A short summary of the lab section

Perspective:

  • actual bioinformatics workflows have many steps, however you slice it
  • the individual steps are often not that interesting, but you do need to know how to:
    1. figure out what they are
    2. understand what they're meant to do
    3. know how to adjust parameters
  • your future is not 3-6 samples, but rather 100-300; automated workflows help you scale.

General commentary and advice:

  • many moving parts to a real workflow (whether automated or not)
  • treat it as something you can poke and test and tweak!
  • learn where the experimental knobs are: how to add samples, adjust cutoffs, etc.

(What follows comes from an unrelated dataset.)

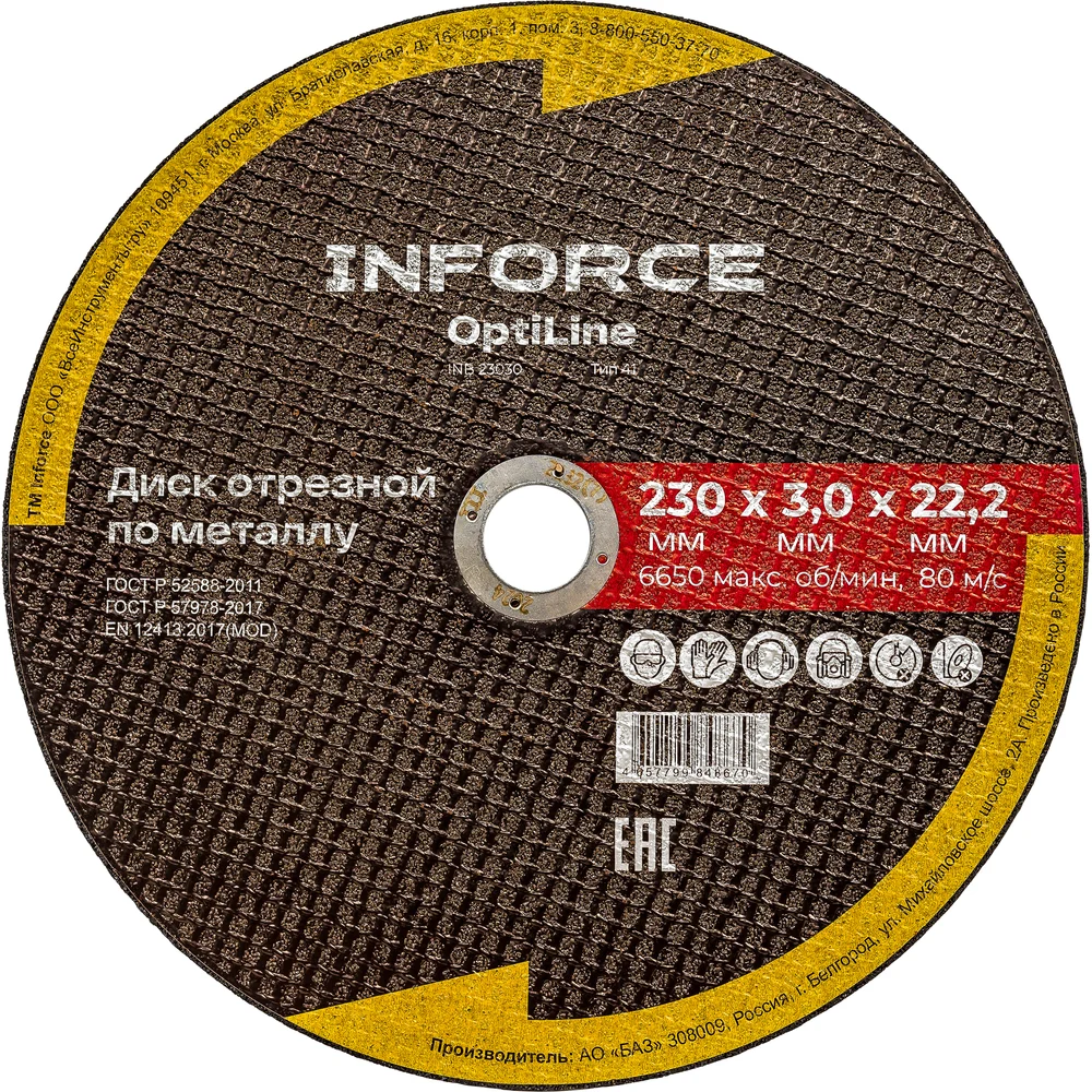 Диск отрезной по металлу OptiLine (230x3.0x22.2 мм) Inforce INB23030 является сменным элементом для угловых шлифовальных машин. Применяется для резки металлических изделий. Диск обладает высокой производительностью и большим ресурсом работы. Оснастка изготавливается на современном оборудовании под строгим контролем качества.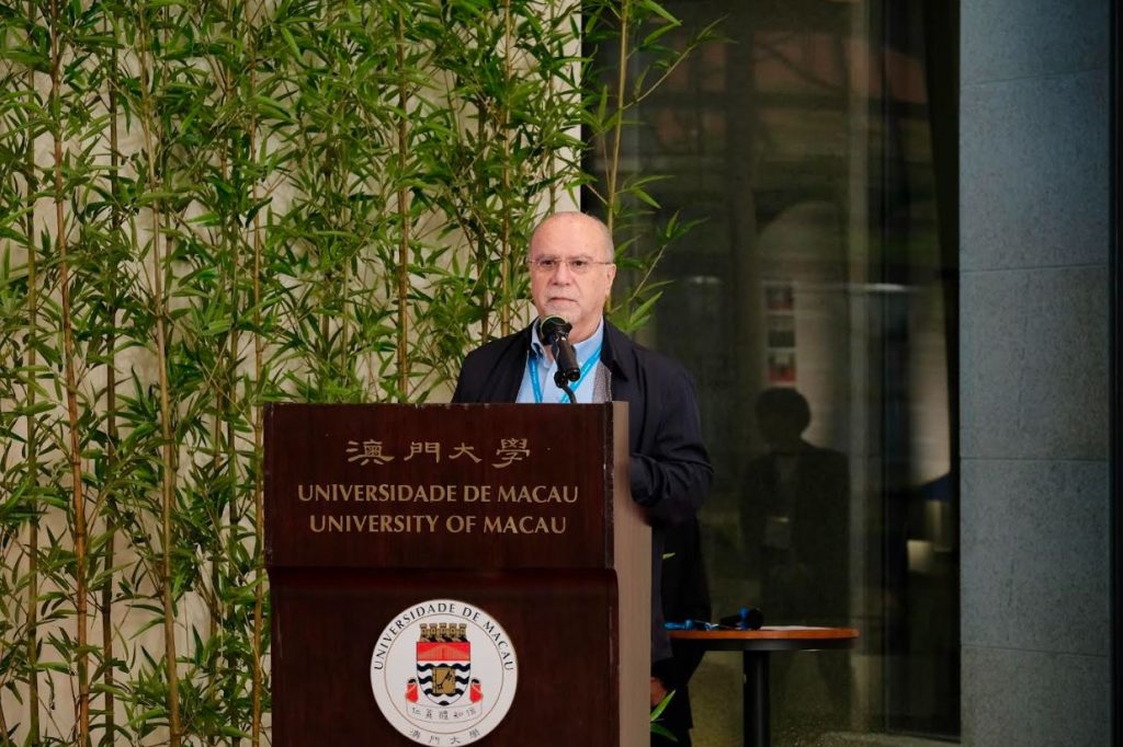 澳大副校長馬許願(Rui Martins)致辭時介紹了澳大在文化、歷史研究及國際合作方面的工作與規劃。他指出,在文化、歷史研究方面,澳大《澳門專題辭典》的出版、1491年版歐幾里得《幾何原本》搖籃本的收藏,以及持續進行果阿與澳門檔案中的澳門歷史文獻整理,均充分體現澳大在文史研究的成果。深化國際合作方面,澳大與葡萄牙澳門科學文化中心持續進行聯合出版,2022年與25個中國及葡語國家院校建立海洋研究聯盟,2025年成立了澳大區域海洋研究中心,2026年將舉辦葡萄牙語大學聯會年會及漢語和葡語國際論壇,均體現出澳大在國際合作上的成果。

My main advice to you is this:

  • run a complete end-to-end analysis of your data first, before exploring parameters
  • only then go back and start thinking about optimizing individual steps;
  • this is because the large majority of the time, your data or your interpretation will be more of a problem than your bioinformatics workflow

How can you get more practice on this stuff? My first recommendation is to do something, anything and then work through any problems you have ;). If you don't practice this stuff, you will not learn it.

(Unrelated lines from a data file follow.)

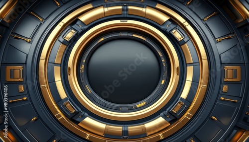 Obraz premium Abstract Circular Design with Gold and Black Metallic Elements
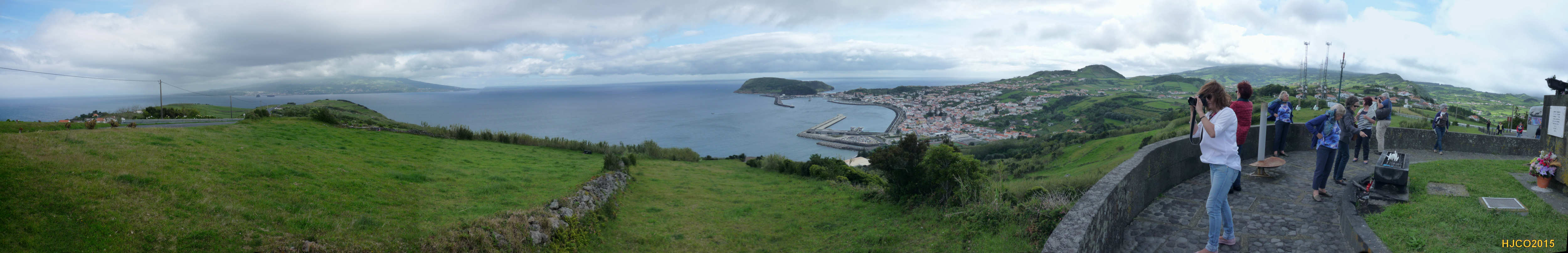 panorâmica, vendo-se ao fundo a cidade da Horta (Faial, Açores) –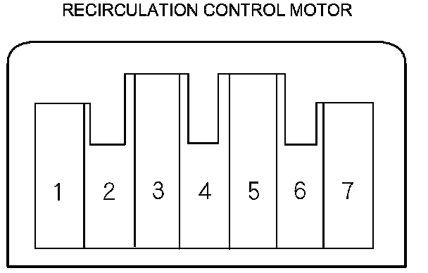 4. Use a digital multimeter with an output of 1 mA or less at the 20 kOhms range. Operate the recirculation control motor running as in step 2, and check for continuity between terminals No. 3, No. 4, and No. 5 and terminal No. 7 individually. There should be continuity for a moment at each terminal as the motor through its travel.
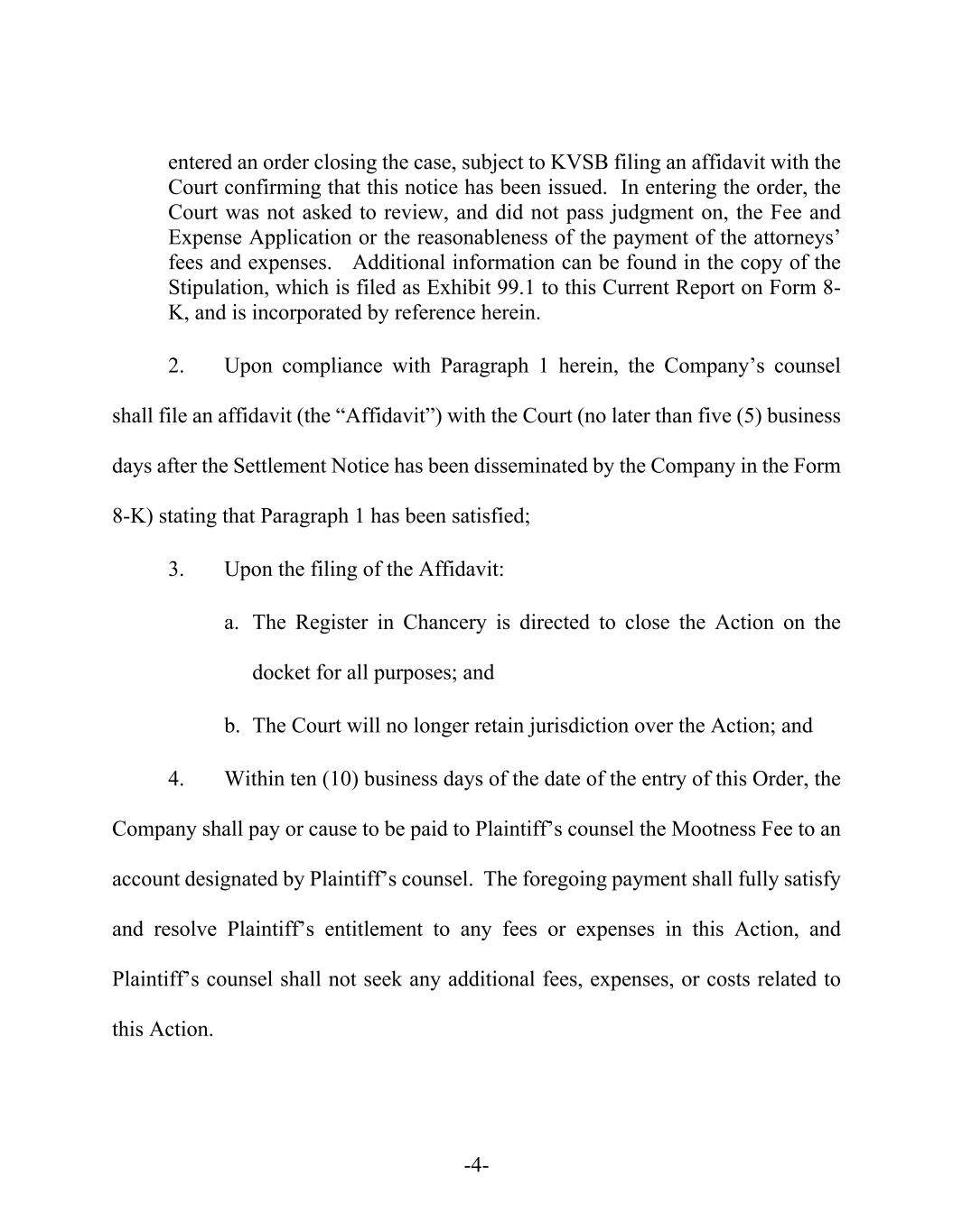 -4- entered an order closing the case, subject to KVSB filing an affidavit with the Court confirming that this notice has been issued. In entering the order, the Court was not asked to review, and did not pass judgment on, the Fee and Expense Application or the reasonableness of the payment of the attorneys’ fees and expenses. Additional information can be found in the copy of the Stipulation, which is filed as Exhibit 99.1 to this Current Report on Form 8- K, and is incorporated by reference herein. 2. Upon compliance with Paragraph 1 herein, the Company’s counsel shall file an affidavit (the “Affidavit”) with the Court (no later than five (5) business days after the Settlement Notice has been disseminated by the Company in the Form 8-K) stating that Paragraph 1 has been satisfied; 3. Upon the filing of the Affidavit: a. The Register in Chancery is directed to close the Action on the docket for all purposes; and b. The Court will no longer retain jurisdiction over the Action; and 4. Within ten (10) business days of the date of the entry of this Order, the Company shall pay or cause to be paid to Plaintiff’s counsel the Mootness Fee to an account designated by Plaintiff’s counsel. The foregoing payment shall fully satisfy and resolve Plaintiff’s entitlement to any fees or expenses in this Action, and Plaintiff’s counsel shall not seek any additional fees, expenses, or costs related to this Action.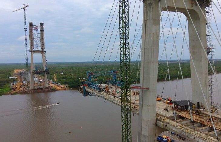 A principal obra da estrada que ligará o Brasil ao Chile já tem 80% dos trabalhos concluídos. Mais de 400 trabalhadores atuam no canteiro de obras, que deve ser finalizado até o primeiro semestre de 2026. Construída entre Porto Murtinho e a paraguaia Carmelo Peralta, a ponte é executada por consórcio binacional, com investimento de R$ 575,5 milhões (US$ 93 milhões), financiado pela administração paraguaia da Itaipu.

DataLab runs various workshops and trainings, and there are some good intro R and Python workshops here!

Peer Organized 'Omics Help

You might also be interested in this:

Hello fellow computational academics!

A few graduate students and I have recently gotten together and started up a bioinformatics work group named Peer Organized 'Omics Help (POOH for short). The purpose of this group is to provide a space for grad students and other academic researchers to get together and help each other with code and various types of computer work. As the name implies, we are mostly focused on the analysis of various types of 'omics data, but can be convinced to consider other datasets! This can also be a great opportunity to get additional help with our course material or ideas of how to implement our course material in your own research.

If this sounds like something that interests you, please feel free to drop by! We are currently meeting every Thursday at 2:00 pm in the data lab classroom (Shields 360). You are also welcome to join via zoom (https://ucdavis.zoom.us/j/96875291856). There is also a slack page where you can post questions and get help (https://join.slack.com/t/peerorganized-vup8803/shared_invite/zt-1pttsrclv-zh6vVnyY6~wtPkxAEmYKsA)!

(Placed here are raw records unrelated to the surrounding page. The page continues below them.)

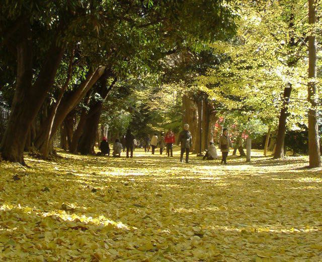 絵画館から青山通りへ続く、イチョウ並木は11月の中旬から11月の下旬まで楽しむことができます。色づき始めも素敵ですが、なんといっても圧巻は黄金の絨毯が敷き詰められる時期でしょう。上も下もゴールドという幻想的な世界を体験できます。また、紅葉の時期は神宮外苑いちょう祭りが催され、露店などが出て賑わいます。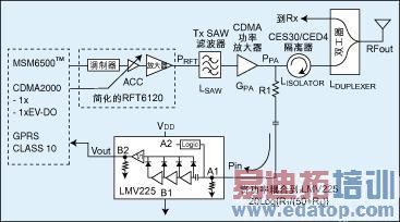 图2中的射频发射电路架构可以用于很多种不同的CDMA芯片组。图3是一个为CDMA20001X或EV-DO单波段手持设备发射功率检测而推荐的LMV225应用简图。在这种发射器结构中,输出到天线的功率为: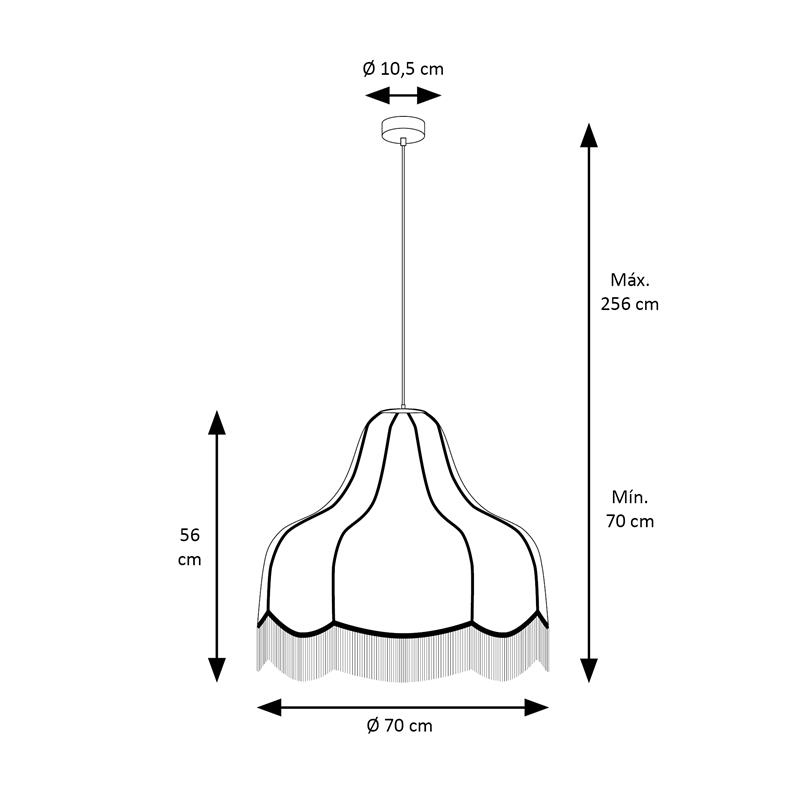 Serie LIV. Fabricado en tejido en color beige ,metal oro ,cable textil beige. Para su funcionamiento requiere 1 bombilla con casquillo E27. (bombillas no incluidas en la caja) .Apta para bombillas de tecnología Led cuya potencia máxima admitida por casquillo es de 15W. Con unas dimensiones de 70cm ancho por 70cm de profundo y 56cm de alto (regulable en altura de 70cm mínimo y 256cm máximo) y un peso real aproximado de 600 gramos.Muy fácil de limpiar con una gamuza humedecida en agua y jabón neutro, te recomendamos que evites el uso de productos químicos que puedan dañarla.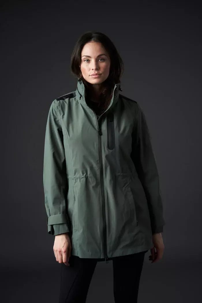 This riding jacket has a trench coat-like silhouette with a sporty touch of rubberized details. The hidden hood in the collar, which can be opened with a reverse rubberized zipper, is ready to protect you when the weather changes. The sleeve cuffs are adjustable with press studs so you can customize the fit to suit your needs.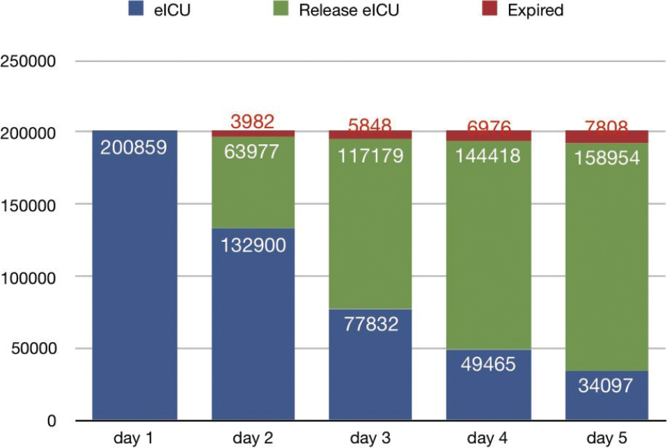 The time evolution of patients accepted to the eICU is shown in Figure 11, which was generated by analyzing the outcome of more than 200,000 patients. After Day 1, most patients stayed at the ICU, some patients were released (home or hospital), and a few expired. The majority of patients (71.8%) leave the ICU within the first 3 days, and the number of patients who need to stay further than day 5 is relatively small (14.3%). The number of new admissions is fairly constant and not difficult to estimate, and it only depends on factors external to the hospital such as weather, disease outbreaks, etc. Therefore, the most important knowledge for an accurate estimation of the size of the service comes from the estimation of evolution of patients as shown in Figure 11, which mostly depends on several factors directly related with the patient condition (age, unit type, and the APACHE score).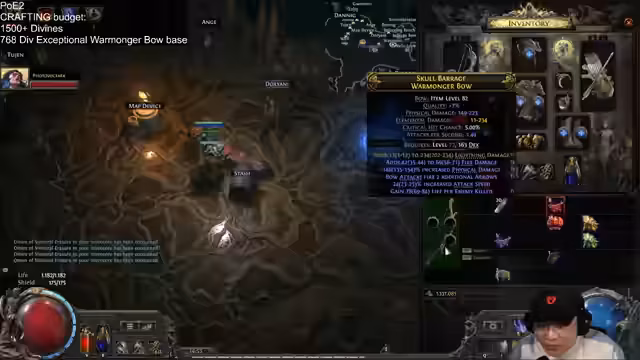 02:28:20Nachdem der Ring-Crafting-Betrag aufgebraucht ist, beginnt der Streamer mit einem neuen, anspruchsvollen Projekt: dem Craft eines Exceptional Warmonger Bogen. Er beschafft eine seltene Basis mit Item Level 82 für 738 Divine Orbs. Das Ziel ist es, einen Bogen mit hohen physischen Schaden, kritischem Treffer und Angriffsgeschwindigkeit zu erschaffen. Der Prozess wird als das bislang aufwendigste Crafting-Vorhaben im Stream bezeichnet.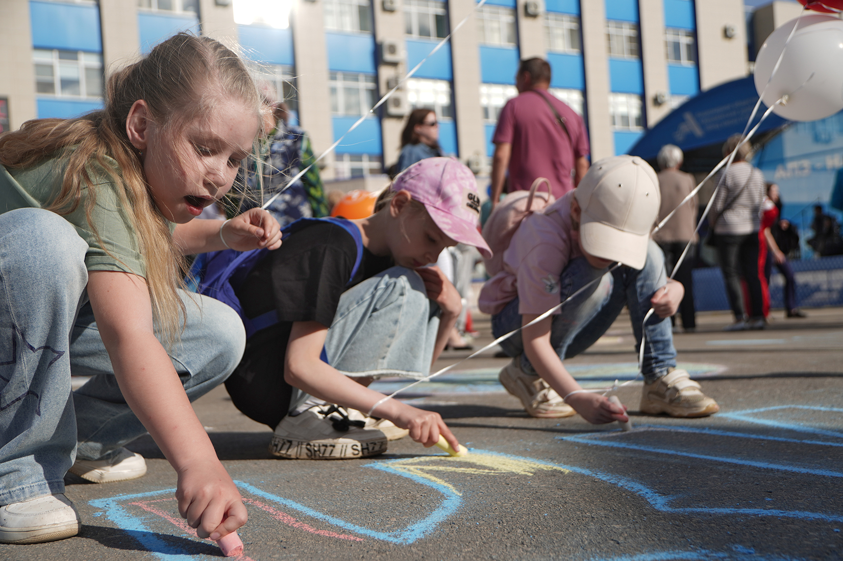Двухчасовая праздничная программа у проходной завода началась с гимна АПЗ. Далее по традиции первое слово — детям заводчан.

Feel free to email me at [email protected] if you have any questions.

Hope to see you there!

Appendix: homework #2 stuff

Use:

module load rstudio-server/2022.12.0
rstudio-launch

to run RStudio not in a conda environment.

To run it in a conda environment, use conda run ... as at the beginning of these notes.

Appendix: isoform quantification

See Comparative evaluation of full-length isoform quantification from RNA-Seq:

Salmon, kallisto, RSEM, and Cufflinks exhibit the highest accuracy on idealized data, while on more realistic data they do not perform dramatically better than the simple approach. We determine the structural parameters with the greatest impact on quantification accuracy to be length and sequence compression complexity and not so much the number of isoforms. The effect of incomplete annotation on performance is also investigated. Overall, the tested methods show sufficient divergence from the truth to suggest that full-length isoform quantification and isoform level DE should still be employed selectively.